Managing them means balancing:

Storage space
I/O performance
Metadata and organization
Data movement costs
Long-term usability and reproducibility

The strategies below focus on practical techniques rather than low-level I/O details.

Organizing large datasets

A clear, consistent structure makes data usable and less error-prone.

Directory and naming conventions

Define conventions early and stick to them.

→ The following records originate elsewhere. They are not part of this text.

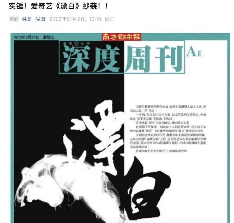 1月20日,前南方都市报记者王猛发文称爱奇艺电视剧《漂白》抄袭南方都市报的报道《漂白》:“《漂白》创作团队事先没有联系我或南方都市报,在宣发材料中,也没有标示原作出处。”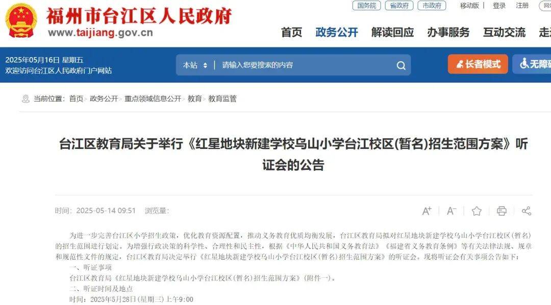 海西房产网(微信公众号:fjhxfcw)消息:2025年5月12日,台江区教育局发布“关于举行《红星地块新建学校乌山小学台江校区(暂名)招生范围方案》听证会的公告”。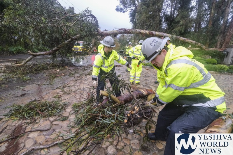 In San Francisco, a tree fell on a commuter bus on Tuesday without causing injuries and lightning struck the city’s iconic Transamerica Pyramid building without damage. High winds also ripped away part of the roof on a large apartment building.

Aim for:

Hierarchical structure that matches the project logic, e.g.:

  /project_name/
    raw/
      experiment_001/
        run_0001/
        run_0002/
      experiment_002/
    processed/
      experiment_001/
        run_0001/
        run_0002/
    analysis/
      figures/
      reports/

File and directory names that encode key information:

Simulation code name
Version or git commit hash
Parameter set or case ID
Date/time, run index, or restart index
Resolution, domain, or ensemble member

Examples:

simA_v3_res512_case07_t000100.h5
climate_ens05_1950-01-01_to_2000-12-31.nc

Avoid:

Ambiguous names: data1, new, test, final, final2.
Overly long names that exceed filesystem limits.

Separating raw, intermediate, and final data

Differentiate:

Raw data: As generated by instruments or initial simulations.
Intermediate data: Checkpoints, temporary formats, pre-processed outputs.
Final data products: What you analyze, publish, or share.

Benefits:

Easier cleanup of large intermediates.
Clear trace from raw to final (important for reproducibility).
Safer: you can delete intermediates while preserving raw/final.

Planning storage usage

Clusters often have multiple storage tiers (e.g., scratch, project, archive). Large datasets require conscious planning.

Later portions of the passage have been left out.